Picture credits: Metropolitan Transportation Authority
Two years ago the European Commission launched the SME Instrument to address a notorious funding gap in small early-stage companies that is a major barrier to innovation. Here’s the key steps your start-ups should follow to enjoy this funding opportunity.
The European Commission has fully recognised the key role of ICT in improving the business landscape in Europe and many efforts are being made to foster digital entrepreneurship.
Firmly embedded in Europe 2020 – the European Union’s ten-year growth strategy – the Digital Single Market strategy (formerly known as Digital Agenda) recognises the revolutionary potential that information and communication technology (ICT) offers to boost growth, increase productivity and improve the welfare of citizens and consumers.
The Digital Agenda has set goals with 101 actions, spread over 7 pillars, which will help to reboot the EU economy and enable Europe’s citizens and businesses to get the most out of digital technologies. ‘Pillar V: Research and innovation’ hopes to attract Europe’s best minds to research, acknowledging that world class infrastructures and adequate funding are crucial.

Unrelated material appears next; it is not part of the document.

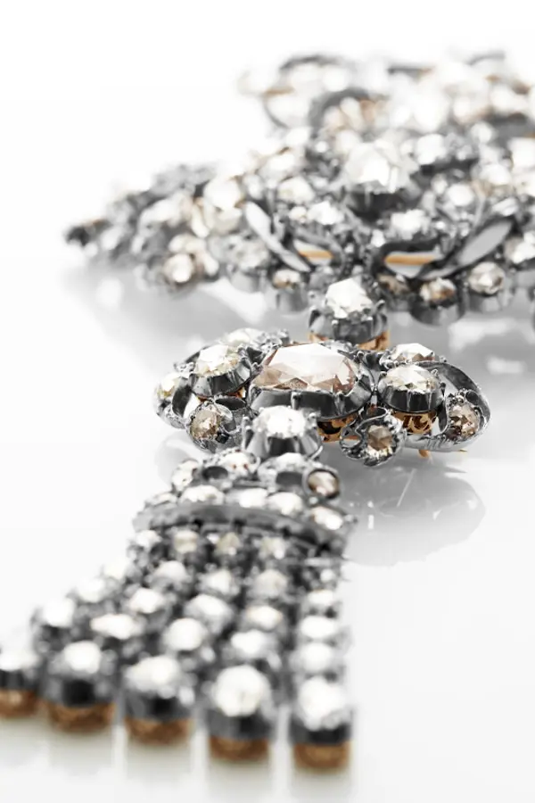 The Rose-cut Diamond Set consists of a diamond belt as well as a large brooch – called a ‘corsage’ or breast ornament. The belt was intended to be sewn on the front of the dress as decoration with the large brooch, which can be divided into several smaller ones, at the top on the breast.

From an economic perspective, the importance of SMEs for economic growth and jobs creation is increasingly obvious: Start-ups create the majority of new jobs. However, Europe is clearly lagging behind other geographical areas in terms of global leadership in this sector.
Therefore, EU level action is essential, as a complement to existing initiatives at local, or national level. The issues identified, such as the need for a stronger culture of entrepreneurship and innovation, or insufficient access to financial resources and human capital, extend well beyond the borders of individual EU member states.
In an effort to maintain Europe’s competitive edge through increased coordination and its attempt to go beyond national fragmented efforts, the European Commission has taken action to help entrepreneurs and SMEs fully exploit the potential of technologies, both in terms of supply of new digital products and services and in terms of demand and smart use of these technologies.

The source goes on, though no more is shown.